Supplied data
|---|

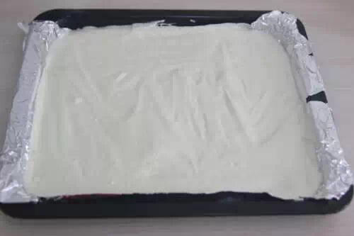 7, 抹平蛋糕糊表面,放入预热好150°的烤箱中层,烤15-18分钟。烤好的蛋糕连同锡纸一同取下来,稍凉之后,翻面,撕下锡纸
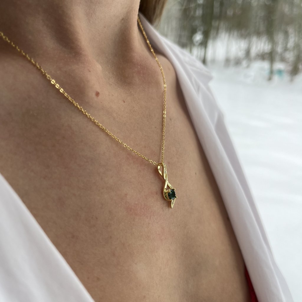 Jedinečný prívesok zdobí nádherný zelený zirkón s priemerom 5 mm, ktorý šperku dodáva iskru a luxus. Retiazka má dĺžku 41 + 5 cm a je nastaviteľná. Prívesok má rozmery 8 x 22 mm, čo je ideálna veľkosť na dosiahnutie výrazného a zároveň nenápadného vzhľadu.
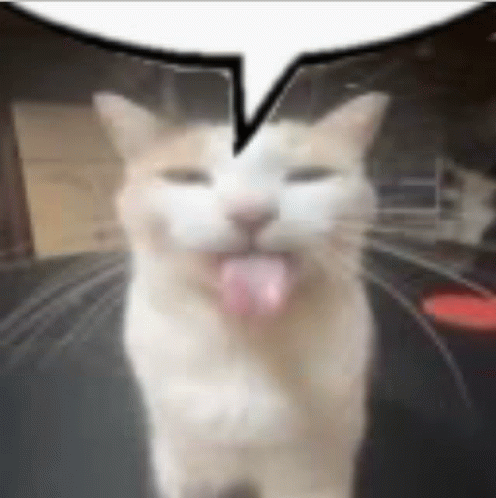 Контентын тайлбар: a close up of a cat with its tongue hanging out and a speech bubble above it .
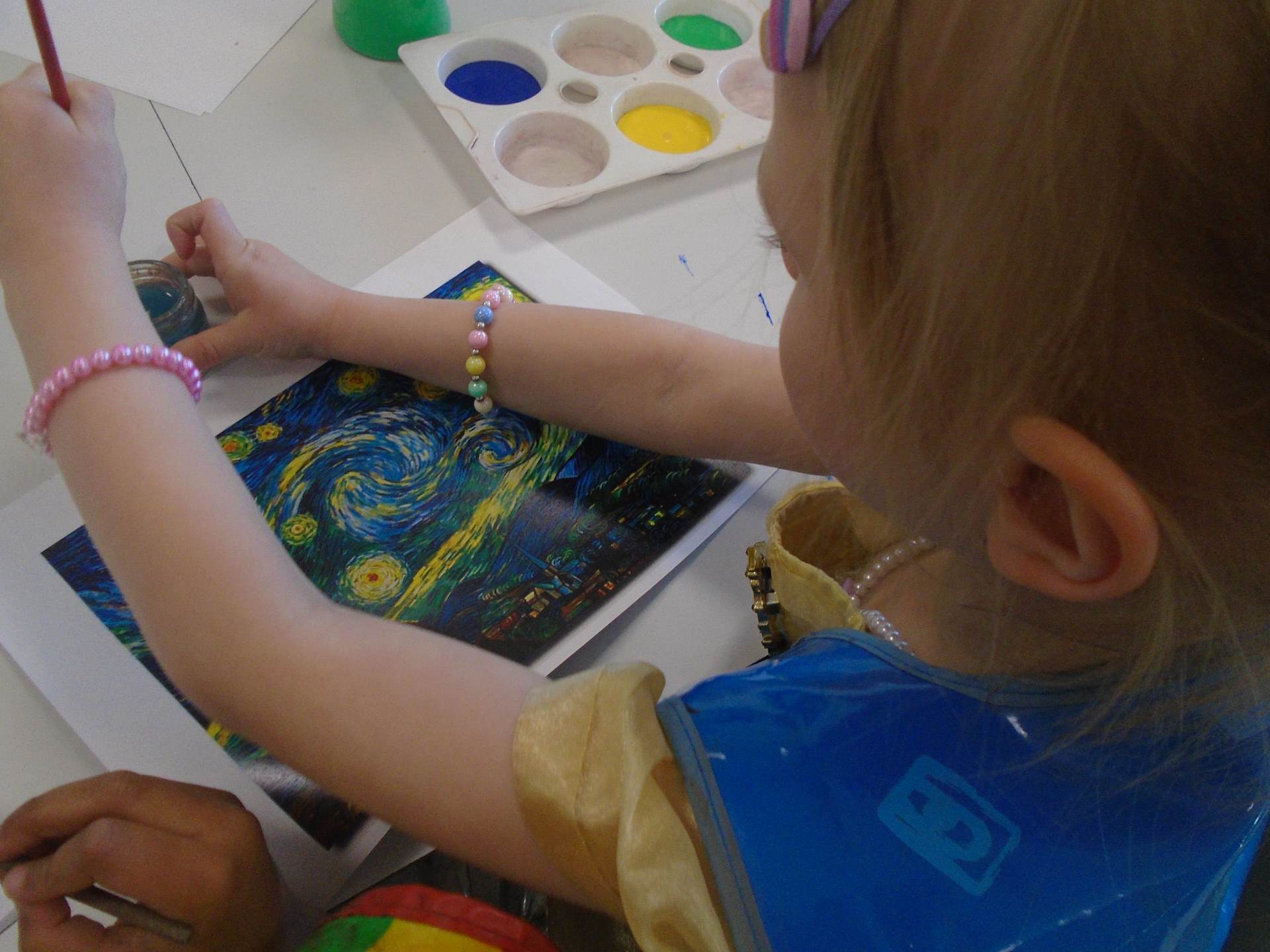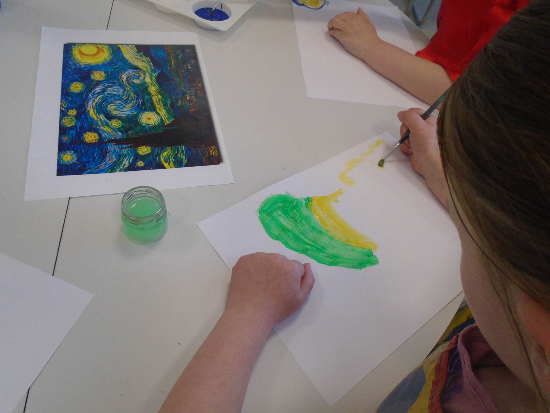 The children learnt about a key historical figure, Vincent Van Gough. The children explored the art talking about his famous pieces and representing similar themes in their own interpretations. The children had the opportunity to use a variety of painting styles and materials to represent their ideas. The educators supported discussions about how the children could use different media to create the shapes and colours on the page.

|---|

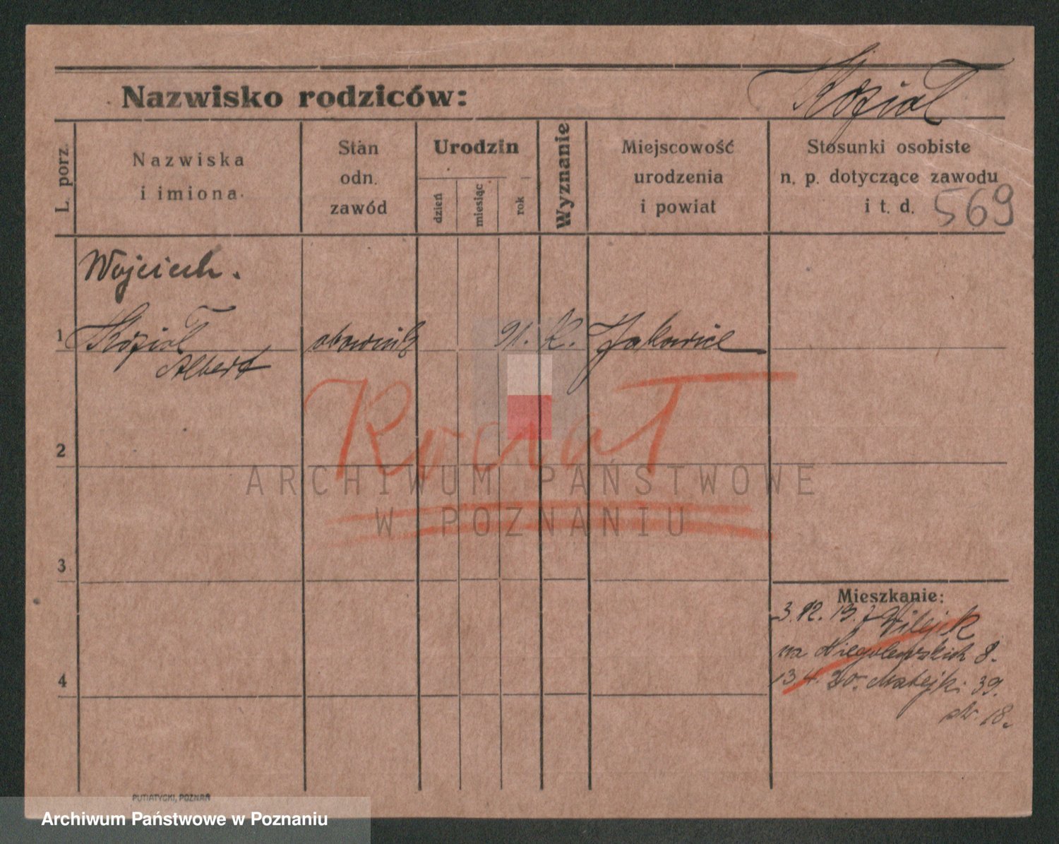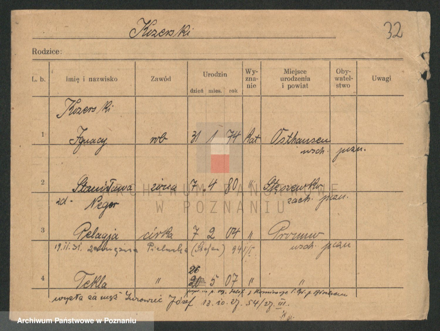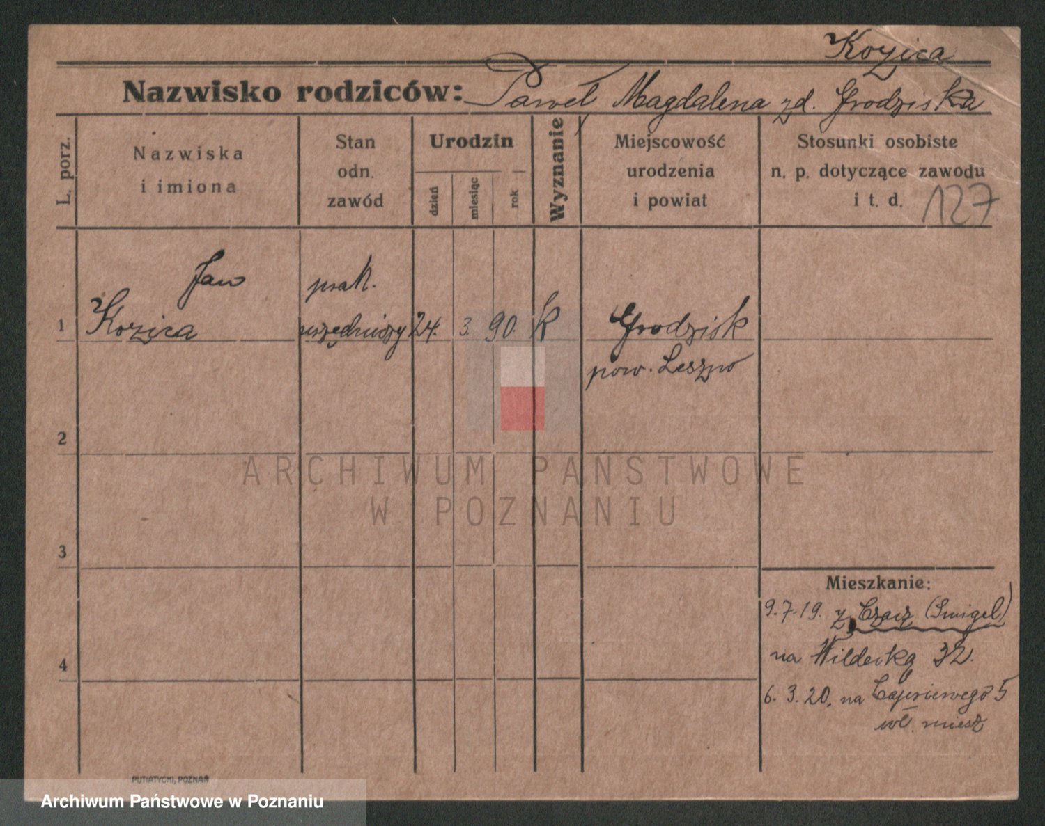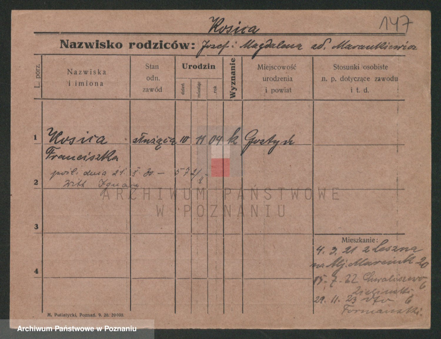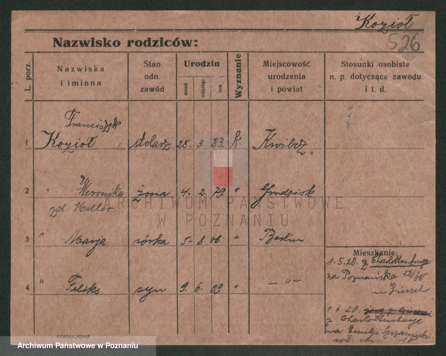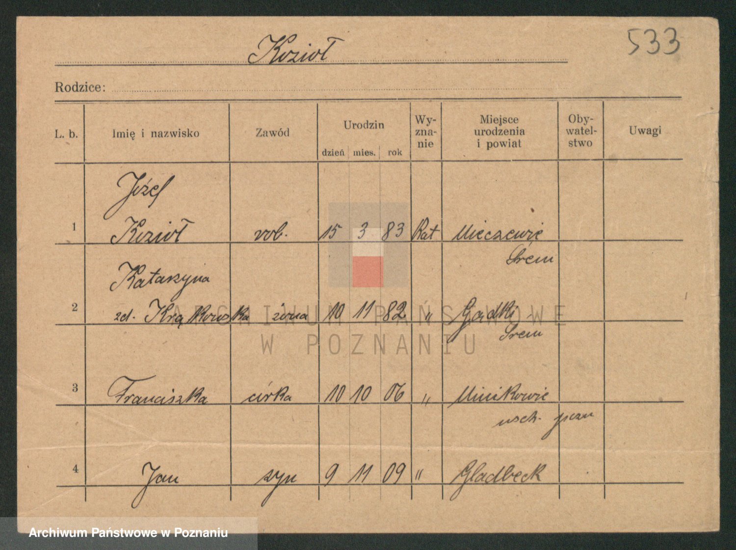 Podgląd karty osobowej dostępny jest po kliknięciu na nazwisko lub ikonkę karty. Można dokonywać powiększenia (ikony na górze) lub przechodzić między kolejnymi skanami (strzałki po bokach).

|---|

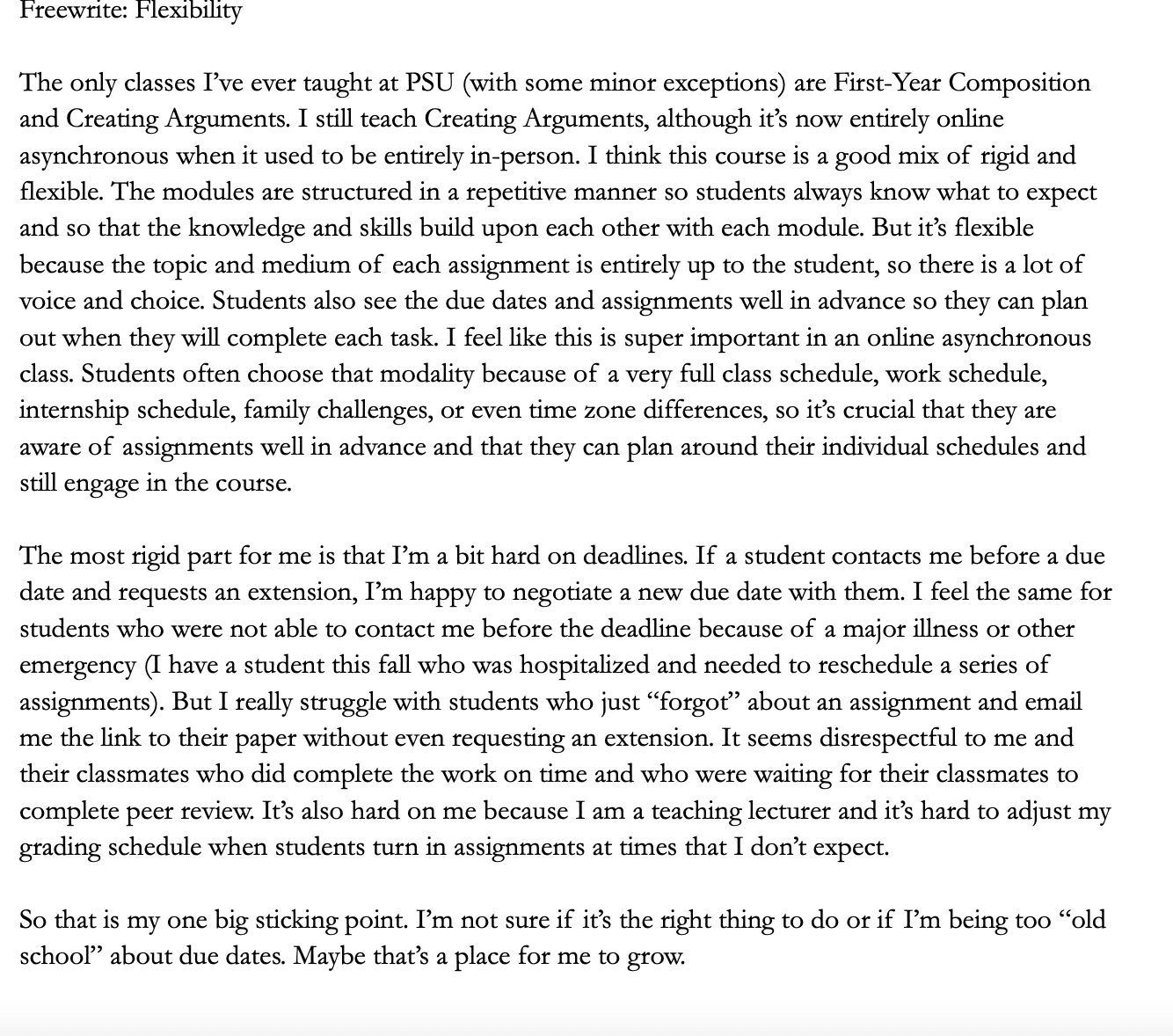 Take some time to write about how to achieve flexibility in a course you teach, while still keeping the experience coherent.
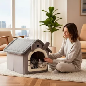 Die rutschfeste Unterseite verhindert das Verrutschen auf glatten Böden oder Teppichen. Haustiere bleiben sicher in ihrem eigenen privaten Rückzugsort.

|---|

What is expected
Once the line with "7, 抹平蛋糕糊表面,放入预" has been found above, output that line and every later line exactly, stopping after the line with "Контентын тайлбар: a", and omit the pictures.

Expected output
 7, 抹平蛋糕糊表面,放入预热好150°的烤箱中层,烤15-18分钟。烤好的蛋糕连同锡纸一同取下来,稍凉之后,翻面,撕下锡纸
 Jedinečný prívesok zdobí nádherný zelený zirkón s priemerom 5 mm, ktorý šperku dodáva iskru a luxus. Retiazka má dĺžku 41 + 5 cm a je nastaviteľná. Prívesok má rozmery 8 x 22 mm, čo je ideálna veľkosť na dosiahnutie výrazného a zároveň nenápadného vzhľadu.
 Контентын тайлбар: a close up of a cat with its tongue hanging out and a speech bubble above it .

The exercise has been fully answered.